Crown attorneys are not immune from civil liability for misfeasance in public office
 The Attorney General argues that Crown attorneys are immune from liability for misfeasance in public office, and enlists the same two grounds it deployed in the successful argument that Crown attorneys are immune from liability for negligence in the performance of their duties: the prospect of liability for misfeasance could divert Crowns from their duties and could have a chilling effect on their conduct. These were the policy reasons Moldaver J. rejected in Henry when he extended liability for Charter damages for wrongful non-disclosure in a criminal prosecution.
 The motion judge rejected these arguments in relation to the claim for misfeasance in public office.
 We conclude that Crown attorneys are not immune from claims of liability for misfeasance in public office. The trigger for liability provides the functional equivalent of the “high liability threshold” Moldaver J. set in Henry for liability for Charter damages for wrongful disclosure.
 The nerve of the Supreme Court’s decisions in the trilogy and in Henry is the deliberate abuse of authority by Crown attorneys. See Nelles, at paras. 55-56, per Lamer J.; and Proulx, at para. 35, per Iacobucci and Binnie JJ. In Miazga, Charron J. said, at para. 51:
Thus, the public law doctrine of abuse of process and the tort of malicious prosecution may be seen as two sides of the same coin: both provide remedies when a Crown prosecutor's actions are so egregious that they take the prosecutor outside his or her proper role as minister of justice, such that the general rule of judicial non-intervention with Crown discretion is no longer justified. Both abuse of process and malicious prosecution have been narrowly crafted, employing stringent tests, to ensure that liability will attach in only the most exceptional circumstances, so that Crown discretion remains intact. In Miazga, several parties sought to amend the test from Nelles so that malice could be inferred because “independent evidence of malice presents too high a barrier,” but Charron J. rejected these arguments, at para. 52, because they “are ill-conceived and do not account for the careful balancing established in Nelles and Proulx between the right of individual citizens to be free from groundless criminal prosecutions and the public interest in the effective and uninhibited prosecution of criminal wrongdoing.” She concluded that “the ‘inherent difficulty’ in proving a case of malicious prosecution was an intentional choice by the Court, designed to preserve this balance.” See also paras. 79-84.
 The need to establish abuse of authority was noted by Moldaver J. in Henry, at para. 49, which we repeat for convenience:
It is a bedrock principle that the exercise of core prosecutorial discretion is immune from judicial review, subject only to the doctrine of abuse of process.

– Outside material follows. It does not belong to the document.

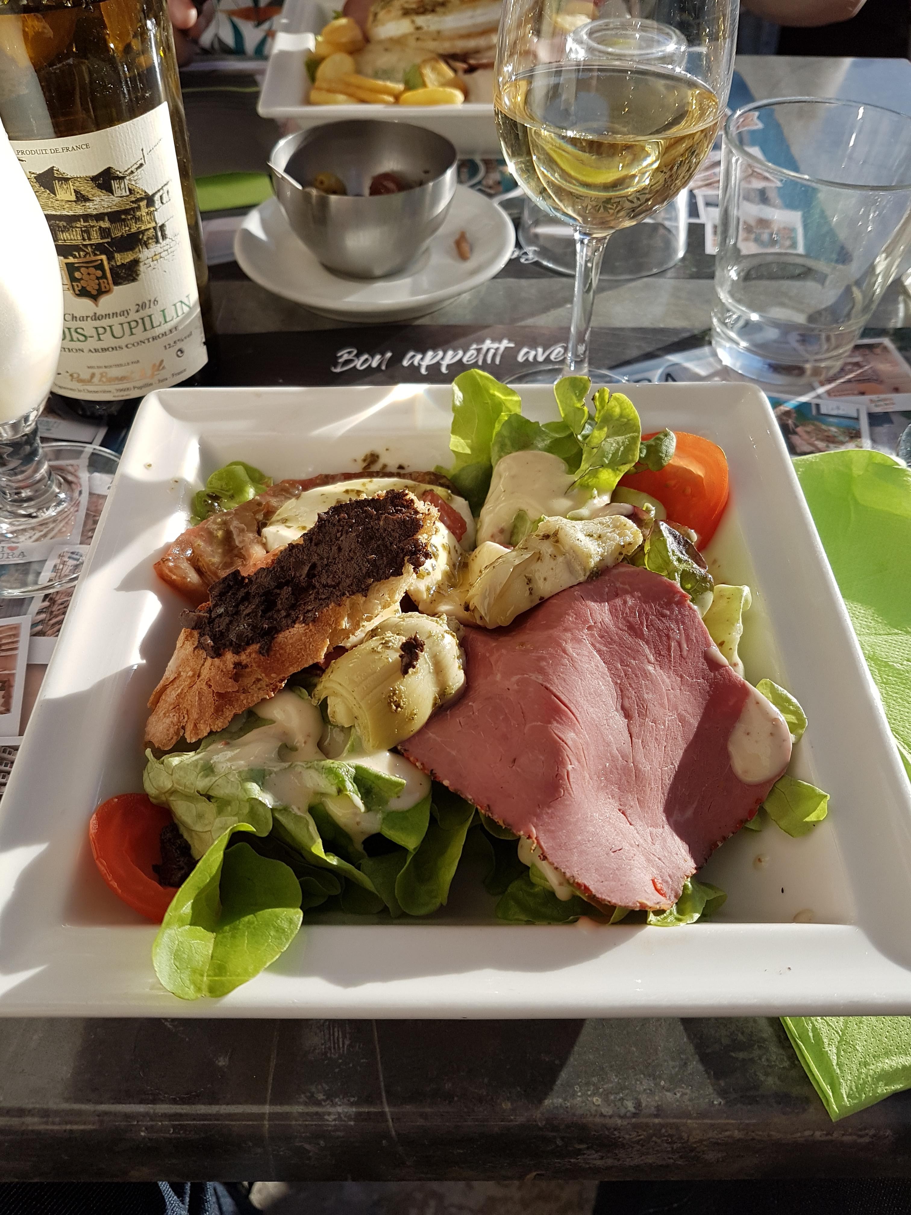 Bon accueil et un service correct avec un personnel agréable. Un cadre sympathique dans un bâtiment historique. J'avais pris 1 salade comtoise avec 1 verre de Savagnin +1 café gourmand monsieur. Le tout était bien présenté copieux et appétissant. Moi je recommande bien que pour d'autres ce fût une déception.

The presence of bad faith and improper motives may indicate this type of conduct. [Citations omitted.] Drawing on Henry, there are “compelling good governance” concerns that require a “high liability threshold” in order for the tort of misfeasance in public office to be a tenable cause of action against Crown attorneys. That “high liability threshold” is satisfied by the requirement of the tort of misfeasance in public office set out in Odhavji that the claimants show the presence of bad faith or improper motives. We also note Moldaver J.’s qualification, at para. 83 of Henry, that “there may be case-specific policy concerns that militate against an award, even if the appellant has made out the heightened per se threshold.” This qualification applies equally to the tort of misfeasance in public office, but requires cogent evidence to substantiate it.
 We agree with the motion judge’s conclusion that the pleading of misfeasance in public office was adequate and that Crown attorneys are not immune from claims of liability for misfeasance in public office.